One of the lessons from the disastrous economics of the 1970s and the subsequent Reagan tax cuts is that everyone–particularly entrepreneurs–responds to incentives. If you take away 10% of a high earner’s after-tax income at the margin, he will cut his taxable income by at least 4%. At the margin, this taxpayer now takes home 62.3% of his earnings, a figure that will drop to 47% under the Obama plan. According to a widely accepted economics rule of thumb, the entrepreneur’s taxable profit would drop by 11.2%.

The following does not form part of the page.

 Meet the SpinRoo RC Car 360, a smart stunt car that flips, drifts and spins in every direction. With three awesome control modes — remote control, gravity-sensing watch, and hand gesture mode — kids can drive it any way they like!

Now consider how the Obama plan would affect the taxes paid by such an entrepreneur with a taxable profit from his business of $500,000. Under current law, he would pay $27,148 in Social Security and Medicare taxes, plus $142,969 in personal income taxes, for a total of $170,117. If the taxpayer did not change his behavior at all, under the Obama plan he would face a $31,000 Social Security tax hike and a $11,494 hike in his personal taxes–or a 25% tax hike. But, if the taxpayer responds as the economic models predict, his taxable profit would drop to $444,000. His Social Security and Medicare tax bill would still soar to $51,580. But his income taxes, even with a higher tax rate, would drop to $132,882 for a total of $184,462.

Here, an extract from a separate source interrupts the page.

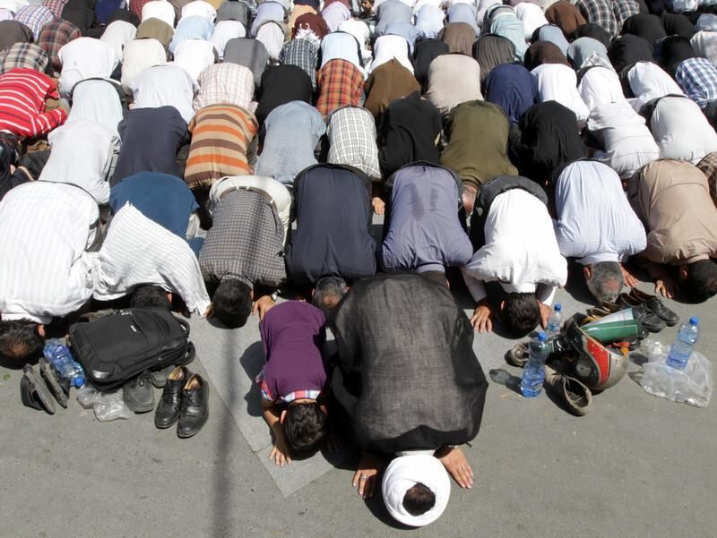 Mehr als 500 Iraner beten gemeinsam in Teheran, um gegen den Anti-Islam Film zu demonstrieren. Foto: Abedin Taherkenareh

In other words, Sen. Obama is planning on a combined series of tax hikes to produce $42,000 in tax revenue, but consensus economic modeling suggests the government’s net take would rise only $14,000.
We should also keep in mind that the economic well-being of the country is not measured by how much taxes the government can collect, or even the size of the deficit. Rather, it is measured by the country’s productive capacity. Our theoretical entrepreneur’s 11.2% decline in taxable income reflects both less effort on his part and a less efficient use of his income in order to avoid confiscatory tax rates. Or, to put it directly, Sen. Obama’s plan would reduce an entrepreneur’s after-tax profits by $70,000–$56,000 in lost profits and $14,000 more in taxes–just to produce a net revenue gain to the government of $14,000.
It is shocking to think that we have a presidential candidate who would make the private sector $5 poorer in order to make the government $1 richer. More likely, given the calculated political design of the proposal, no one in the Obama campaign told the candidate about the economic, ethical or historical consequences of his suggestion.
This indicates that what is really on offer is not some postpartisan approach to politics, but a Democratic candidate far to the left of Bill Clinton.
Lawrence B. Lindsey is a visiting scholar at AEI.